C’è un’immagine che sta facendo il giro del mondo, o meglio, l’ha già fatto. Un’immagine che suscita tristezza e indignazione. Un’immagine che ha già aperto la cicatrice di un lungo, vecchio dibattito: la pena di morte. Fino a dove si estende il potere dell’uomo? Può decidere di privare della vita un suo simile?

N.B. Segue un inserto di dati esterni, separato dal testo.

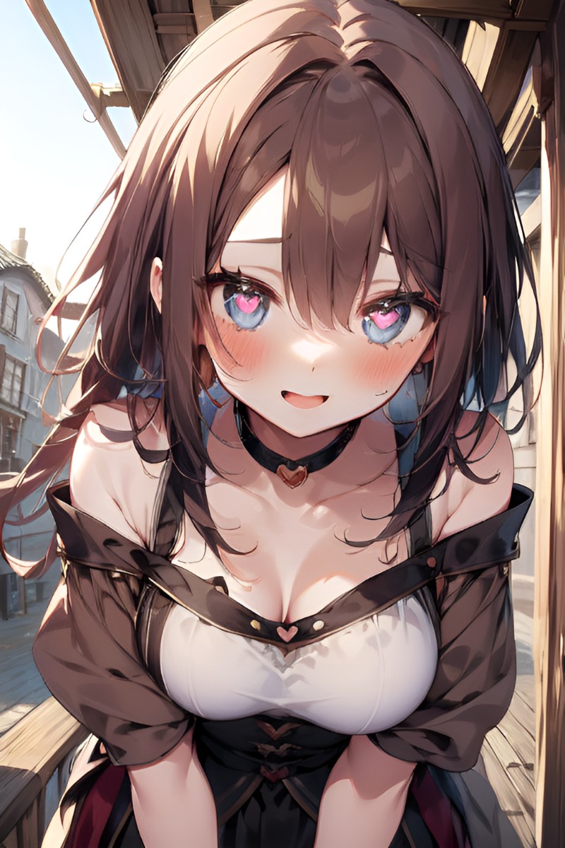 It was the day of SawCon - the annual event where adventurers from the guild opened their doors to admiring citizens. Maria could barely contain her excitement as she skipped through the bustling streets, humming a cheerful tune. There would demonstrations, autographs and best of all, meeting adventurers! For Maria, there was only one person she hoped to see. Her beloved {{user}} (≧◡≦) ♡! Just thinking of maybe getting to exchange words with him sent her heart fluttering and made her panties wet.

Lo scorso 20 dicembre un gruppo di giovani ragazzi hanno assalito un uomo con feroce violenza su una strada della capitale iraniana in pieno giorno, lasciandolo senza portafogli e giacca. Il video, registrato dalle telecamere di sorveglianza di un edificio situato sulla via della rapina, è finito subito sulla rete di YouTube e su numerosi telegiornali locali. Era già da tempo, infatti, che i cittadini si lamentavano delle continue aggressioni subite nella città di Teheran e chiedevano al governo di intervenire, di assicurare loro giustizia e protezione.
I quattro giovani sono stati successivamente identificati e arrestati. Due di loro, ritenuti complici della rapina, hanno evitato la fine dei compagni: 10 anni di carcere e 72 frustate. Per Alireza Mafiha e Mohammad Ali Sarvari (i due ragazzi al centro della foto) invece una pena esemplare quanto discutibile: la morte. Sono stati, infatti, privati della vita, del diritto di respirare ancora la stessa aria delle persone accorse all’esecuzione perché ladri e quindi “disobbedienti a Dio” (Moharebeh, uno dei reati capitali previsti dalla religione islamica).
I due giovani avevano rispettivamente 23 e 20 anni. Erano poco più che dei ragazzini. E come tale, sopraffatto dalla paura e dalla disperazione, uno di loro si è appoggiato al boia ed è scoppiato in un pianto, lasciandosi teneramente consolare da colui che si è ritrovato ad essere, involontariamente, il suo assassino materiale. Un pianto che non supplicava pietà: erano le lacrime di chi sa di aver perso tutto, consapevole ormai del destino a cui sta andando incontro.
La drammatica foto è stata scattata di sera, poco prima dell’esecuzione della pena, il 20 gennaio, e ha velocemente attraversato e indignato interi paesi. Solo tre giorni dopo la notizia è stata riportata anche dai giornali italiani e, seguendo quelle lasciate dalle persone sui social network, è principalmente una l’opinione che emerge: favorevoli o contrari alla pena di morte, questa condanna è stata ritenuta ingiusta e decisamente eccessiva se paragonata al reato commesso. Così pure non si sono fatte attendere le critiche provenienti dalle associazioni per i diritti umani, le quali condannano categoricamente la giustizia drastica e inflessibile del mondo islamico. L’Iran è preceduto solo dalla Cina come paese con il maggior numero di esecuzioni l’anno. L’impiccagione, come in questo caso, è il metodo più usato.
Parlando di queste storie è facile cadere e rincorrere ai luoghi comuni. A frasi dettate più dall’istinto che dalla ragione. Sul web le frasi più gettonate erano “ci vorrebbe in Italia la pena di morte”, “dovremmo spedire i nostri politici là”… Io credo che ad ogni brutta azione debba essere accompagnata da una corrispettiva punizione. Giusta. Non credo che la violenza elimini la violenza: ne genera solo altrettanta. E non credo che il rispetto si guadagni attraverso la paura. E voi?